THE RAMEN KING AND I: How the Inventor of Instant Noodles Fixed My Love Life, by Andy Raskin. Gotham, 2009, 293 pp., $26 (hardcover)

“The year I was a student at International Christian University . . . Japan’s automated-teller machines were open only during regular bank hours — weekdays from nine to five,” writes Andy Raskin. “I would often forget to make pre-weekend withdrawals, but thanks to instant ramen I survived many Saturdays and Sundays on just the few hundred yen in my pocket.”

The late Momofuku Ando, founder of Nissin Foods, became a wealthy man because he understood the concepts of convenience and affordability. Born Wu Baifu in southern Taiwan in 1910, Ando — so the legend goes — happened by a black market area near Osaka’s Umeda Station, where he noticed long queues of people waiting to buy bowls of ramen noodles in soup. “In a line,” he later wrote, “you can see the desires of the world.”

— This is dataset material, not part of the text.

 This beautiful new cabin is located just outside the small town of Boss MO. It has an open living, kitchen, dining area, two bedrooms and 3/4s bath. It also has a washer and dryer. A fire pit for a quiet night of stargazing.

Through persistent experimentation in a wooden shack in his back yard, Ando succeeded in developing instant ramen, and parlayed his creation into one of the world’s most popular snack foods. Along with the Honda Cub motorbike and Sony transistor radio, Ando’s instant ramen — a cheap, tasty and quick means of sustenance — is one of the great success stories of postwar Japan.

In this interestingly framed memoir, Raskin intersperses frivolous anecdotes about his own adventures in Japan with 10 monologues addressed to “Dear Momofuku,” in which he pours out his disappointments and dilemmas with the opposite sex, imploring Ando (who was not yet dead at the time of writing) to serve as his personal Miss Lonelyhearts.

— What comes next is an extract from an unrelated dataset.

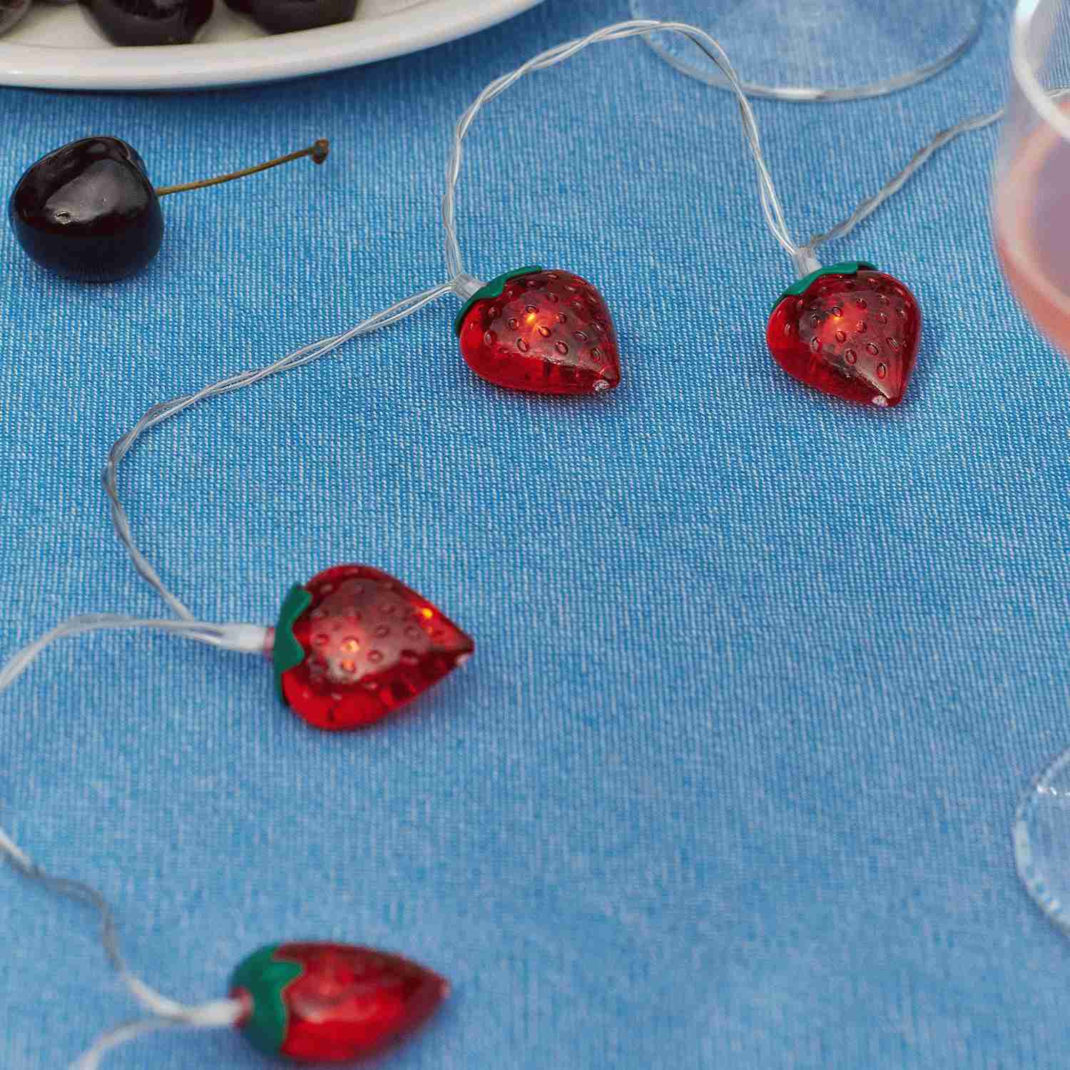 - Dekorative Lichterkette mit 10 Erdbeerfiguren in Rot und Grün

The promise of romantic repair is almost dramatic enough to tease the naive into thinking this book might be a modern hipster twist on the genre of works by foreigners who came to Japan in serious search of knowledge and enlightenment (“The Empty Mirror: Experiences in a Japanese Zen Monastery” (1973) by Dutch author Janwillem van der Wetering is one fine example). But “Ramen King,” like “Tokyo Woes” by Bruce Jay Friedman (1985) or “Dave Barry Does Japan” (1993), is more like a long-running gag routine conveying the message that Japan is best enjoyed when not taken too seriously.

In one of the book’s more opaque observations, Raskin writes, “People often ask me what fascinates me about Japan, and for a long time I never knew how to explain it. Here it is though, in a nutshell: There’s a Gyoza Stadium on the third floor of a video game arcade called Namco City, and a chart on the wall lists the ratios of soy sauce to vinegar found in gyoza dipping sauces in different regions of the country.”

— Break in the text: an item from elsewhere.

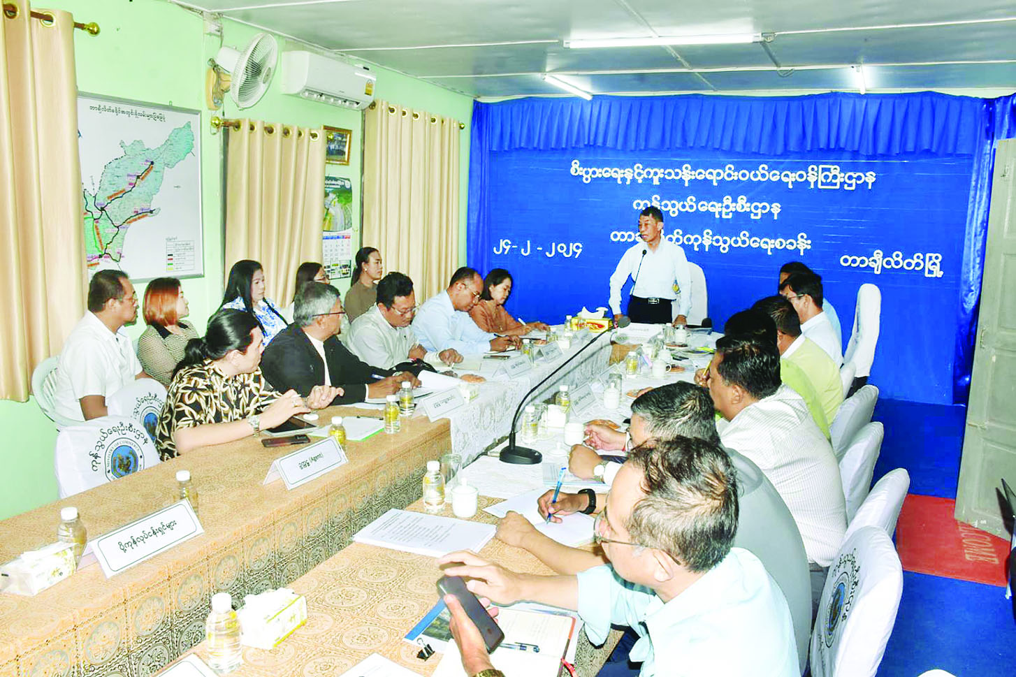 ဆက်လက်၍ ပြည်ထောင်စုဝန်ကြီးနှင့်အဖွဲ့သည် ယနေ့မွန်းလွဲပိုင်းတွင် ကျိုင်းတုံမြို့ ပို့ကုန်သွင်းကုန် ရုံး၌ ကုန်သွယ်ရေးဦးစီးဌာနနှင့် စားသုံးသူရေးရာဦးစီးဌာနမှ အရာထမ်း၊ အမှုထမ်းများနှင့်တွေ့ဆုံ၍ ဝန်ထမ်းများအနေဖြင့် နိုင်ငံတော်မှချမှတ်ထားသော စီးပွားရေးဦးတည်ချက်များ၊ လုပ်ငန်းစဉ်များအတိုင်း လုပ်ငန်းတာဝန်များကို ကြိုးပမ်းဆောင်ရွက်ကြရန်၊ စွမ်းဆောင်ရည်ပြည့်ဝသောဝန်ထမ်းများ ဖြစ်စေရေးနှင့် အဂတိလုံးဝကင်းရှင်းစွာဖြင့် လုပ်ငန်းတာဝန်များကို ဆောင်ရွက်ကြရေးတို့ကို မှာကြားပြီး ဝန်ထမ်းများနှင့်အတူ နေ့လယ်စာ အတူတကွသုံးဆောင်သည်။

Elsewhere, though, Raskin’s recounting of his comedic adventures become distracting. While browsing for victuals in Ebisu he picks up a buxom divorcee and enjoys a one-night stand, breaking a vow of short-term celibacy.

This is not to say the commentary, even when trivial, fails to amuse. Unable to decide on which bento (boxed lunch) to purchase for consumption aboard the Shinkansen to Osaka, Raskin is mesmerized by the selection of candy sold at the platform kiosk. “There was a strawberry Kit Kat, a green tea Kit Kat, a custard Kit Kat, a mandarin orange Kit Kat, and an Exotic Tokyo Kit Kat (an assortment sold in a package designed by renowned pastry chef Yasumasa Takagi to evoke Tokyo nightlife) . . . Nestle’s Japanese subsidiary was promoting the bars as good-luck charms for college entrance exams, playing up how the candy’s name sounds like ‘Kitto katsu!’ (‘You’ll surely win!’).”

Ando, like many business magnates, was known on occasion to wax philosophical, but Raskin’s use of him as a sounding board for advice about dysfunctional romantic relationships is a rather sophomoric approach, and whether it’s enough to sustain an entire hardcover book depends on whether the reader hungers for a quick nibble or something more substantial. “Ramen King” doesn’t differ greatly from Ando’s celebrated invention: a light snack that is quickly consumed and easily digested.